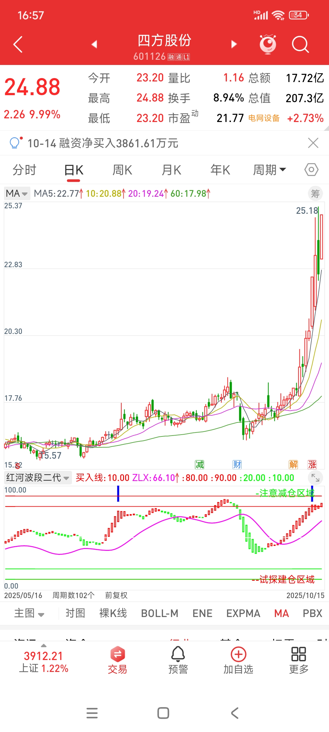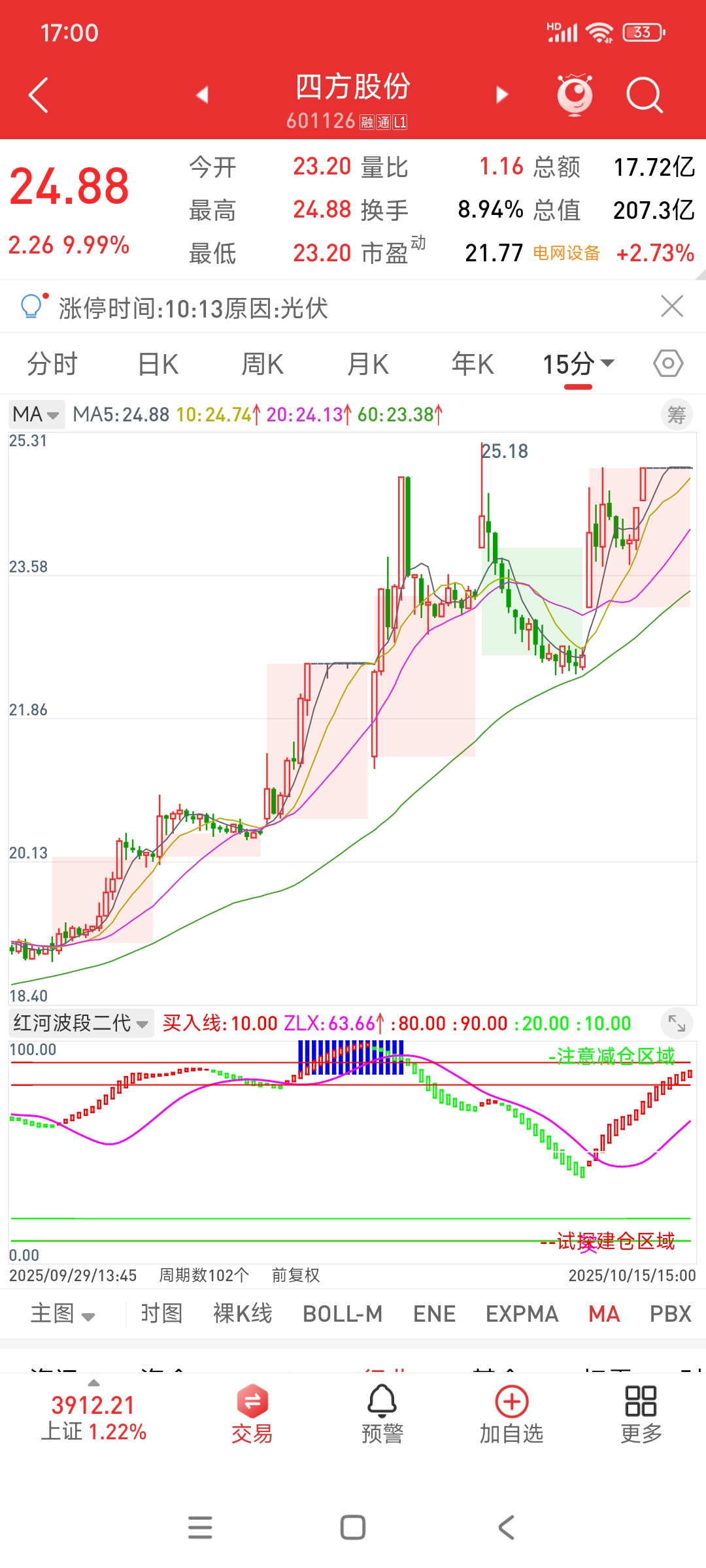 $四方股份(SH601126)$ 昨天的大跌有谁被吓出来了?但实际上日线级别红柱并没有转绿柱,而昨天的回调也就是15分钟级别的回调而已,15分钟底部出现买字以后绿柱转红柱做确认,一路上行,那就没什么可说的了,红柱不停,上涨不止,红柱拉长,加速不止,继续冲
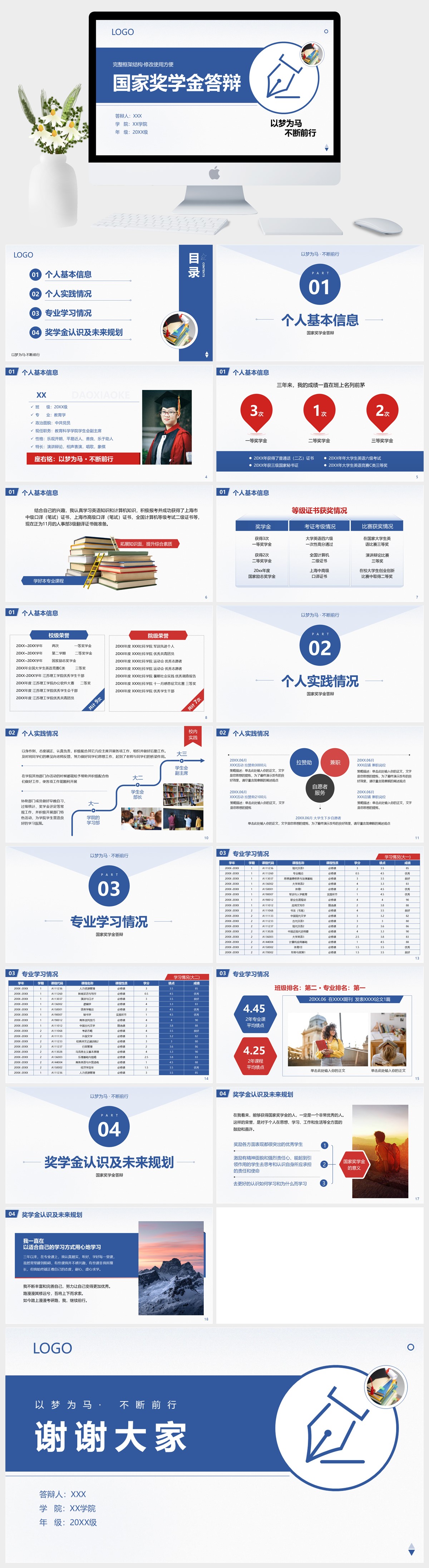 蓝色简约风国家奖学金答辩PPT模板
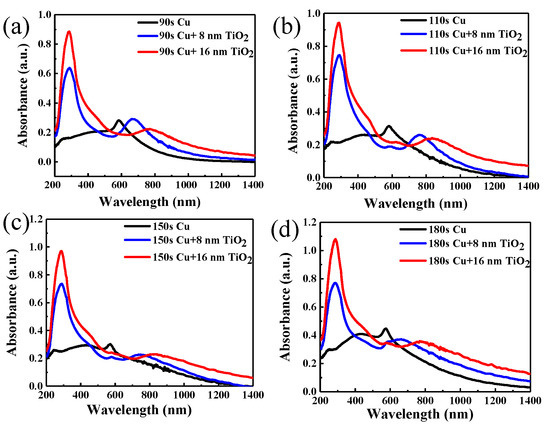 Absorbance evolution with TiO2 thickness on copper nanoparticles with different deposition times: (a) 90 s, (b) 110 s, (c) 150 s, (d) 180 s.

Work task = At the line containing "蓝色简约风国家奖学金答辩PPT模板", start reproducing exactly, and stop after the last line of the listing; include both ends, and leave the pictures out.

Answer =
 蓝色简约风国家奖学金答辩PPT模板
 Absorbance evolution with TiO2 thickness on copper nanoparticles with different deposition times: (a) 90 s, (b) 110 s, (c) 150 s, (d) 180 s.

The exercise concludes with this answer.